Through our analysis in E2, we discovered that models are vulnerable to repeated queries. When queried with a misconception, there is no guarantee that LLMs can consistently refute the misconception. Our experiments reveal that when repeatedly queried with the same misconception, both models show a non-negligible tendency to be inconsistent in their stance. However, they also yield an increased error rate of 28.7%.

Responses from both models also contain confusing patterns that may mislead unassuming users. For instance, when asked about the misconception, “Under GDPR, individuals have an absolute right to be forgotten.” ChatGPT responds with:

“Yes, it is true that under GDPR… individuals have a “right to be forgotten” … However, this right is not absolute … “

Since ChatGPT and Bard’s responses tend to be elaborate, users who do not pay great attention may be misled by these responses.

The error rate increases to 30.95% when the queries are paraphrased in E3. Paraphrasing queries reduces LLM consistency and causes a significant increase in error rate and reduction in correctness compared to multiple questions for a misconception.

Resources and their Reliability

In E4, we discovered Bard divulges URL sources that inform their response less frequently than ChatGPT. However, when comparing URL validity (whether the URL directs to an existing webpage), Bard’s URL sources are more likely to be valid. Interestingly, though a URL may be valid, we also discover that such URLs may point to websites that are completely unrelated to the misconception or even sources containing false information (factual errors on security and privacy).

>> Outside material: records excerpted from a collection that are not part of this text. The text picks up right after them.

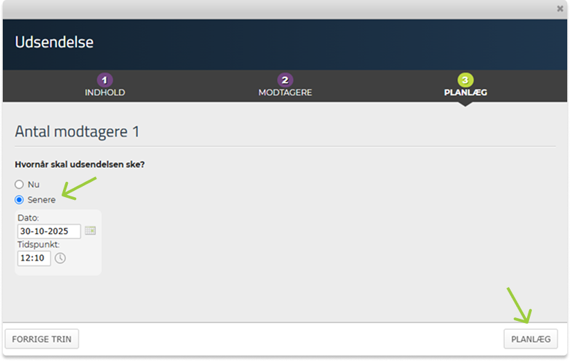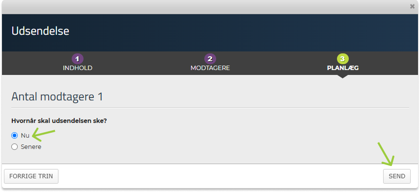 - Under Hvornår skal udsendelsen ske?, vælg Nu.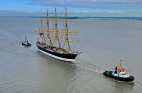 After three years of restoration at the Peters Werft in Wewelsfleth our tugs TAUCHER O. WULF 3 and WULF 5 tow the traditional sailing vessel PEKING to Hamburg today. The voyage started at 06:30 in Wewelsfleth and - after a tidal required stopover at Twielenfleth roads - the PEKING should arrive her final berth at the Hansahafen at approx. 19:00.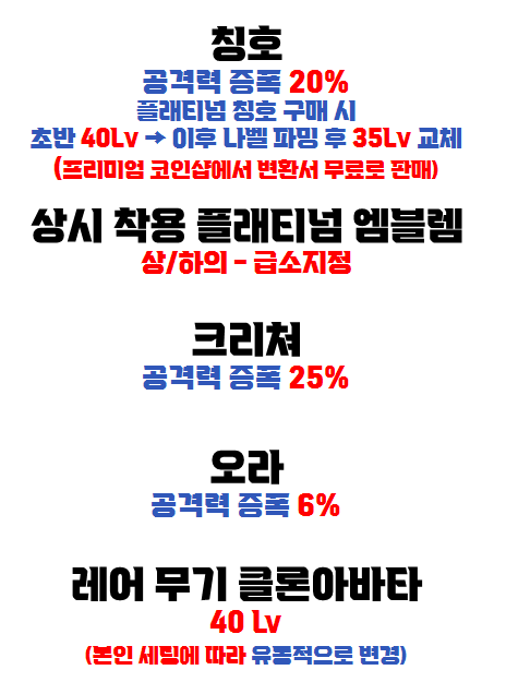 칭호, 크리쳐, 오라의 경우는 표기된 수치만 확인하셔서 구매하시면 되겠습니다.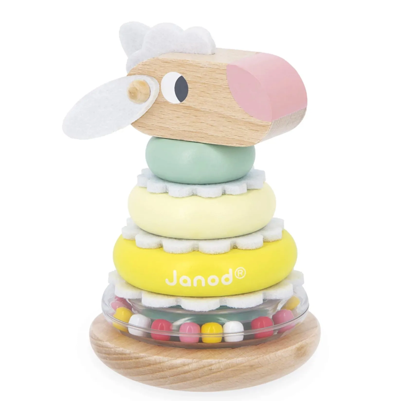 One piece, two pieces… the sheep takes shape again! With this stacking sheep, children as young as 1 year old discover the joys of building, while developing their motor skills and hand-eye coordination. The child gradually assembles each piece: the transparent ring filled with colorful beads, the wooden rings, the felt elements to insert, and finally the sheep’s head. Once the toy is fully stacked, they can shake it to make the beads move inside the ring, adding a sound and sensory dimension to the game. But that’s not all! The sheep also transforms into a roly-poly toy thanks to its rounded base: it rocks gently without ever falling over. An activity that extends the fun! This stacking sheep is from the Zigolos range: a joyful and colorful collection with playful shapes, designed to awaken the senses and accompany toddlers in their first discoveries. This developmental toy is made with FSC™ certified wood and water-based paint.
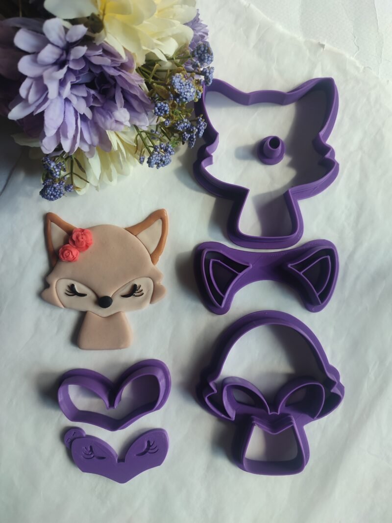 To Animal face – Fox αποτελείται από 5 cutters (κουπάτ) και μία ανάποδη σφραγίδα (debosser). Αρχικό μέγεθος 88x73mm.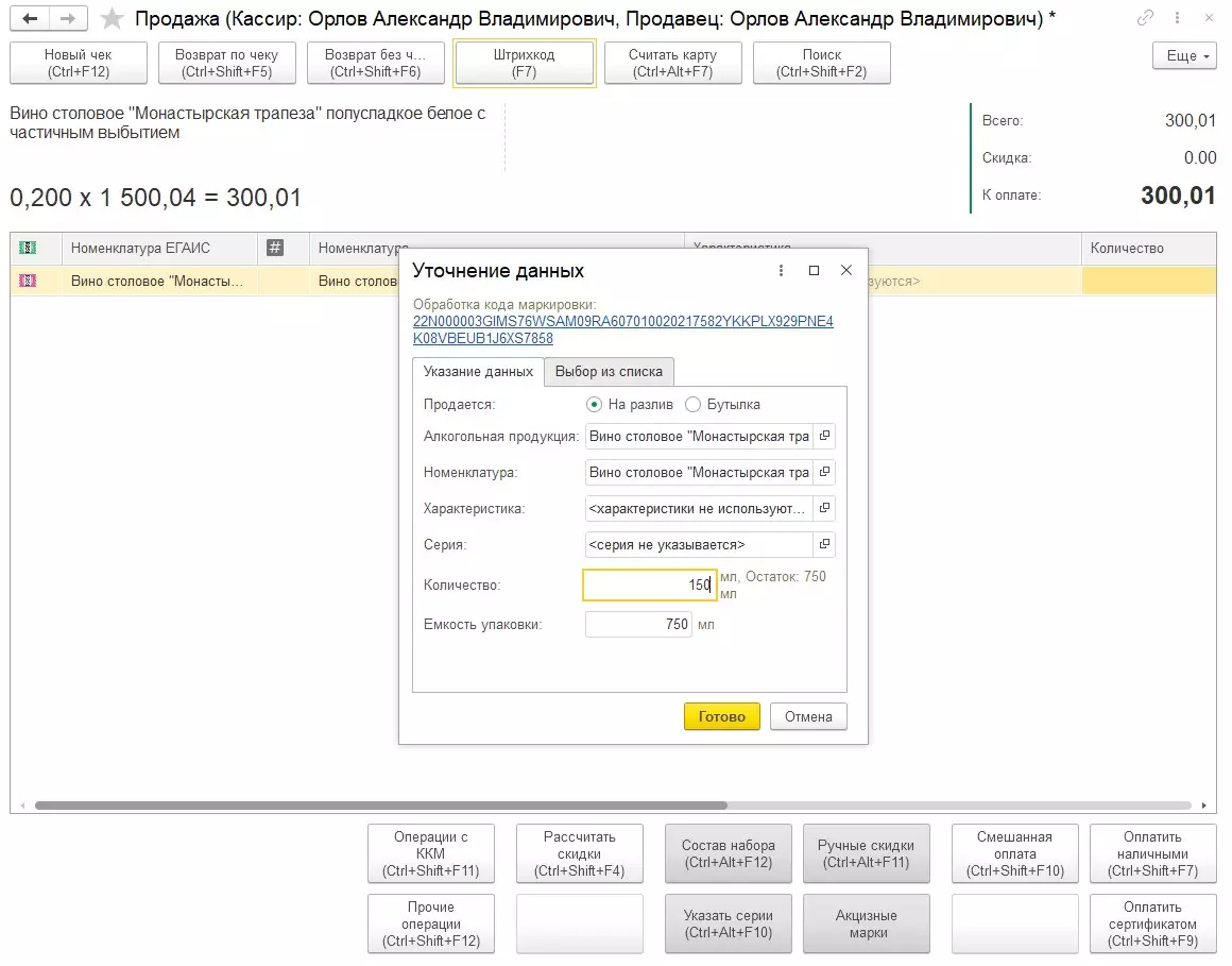 Оформить продажи алкогольной продукции в розлив можно и через РМК - документ Реализации товаров и услуг.

To illustrate, when responding to “Under GDPR, parental consent is always required when collecting personal data from children.”, ChatGPT directs users to a website that ignores cases where parental consent is not necessary when processing children’s personal data, directly misinforming the user. These findings highlight how LLMs may direct users to sources that do not exist and problematic /false resources.

Between the lines

Our work underscores the importance of taking a measured approach to leveraging powerful LLM tools despite their impressive capabilities. As LLMs gain further footing in end-users’ lives, it is integral that the research community ensures that the content produced by these powerful tools is trustworthy. Consuming inaccurate or false security and privacy advice can harm the end-users, who may be misled into implementing insecure and privacy-compromising suggestions.

We hope our work prompts further research into LLM use as an information source. First, we encourage future research to understand better how end-users interact with this emerging technology. Second, we hope that the research community implements education efforts such as guidelines on using LLMs responsibly. Third, future efforts should also focus on demystifying the cause behind inaccurate responses and how models can deprioritize suspicious sources that inform their responses. Finally, in designing LLM tools for specialized needs, the AI research community fosters collaboration with domain experts to produce tools that can appropriately cater to the end-user.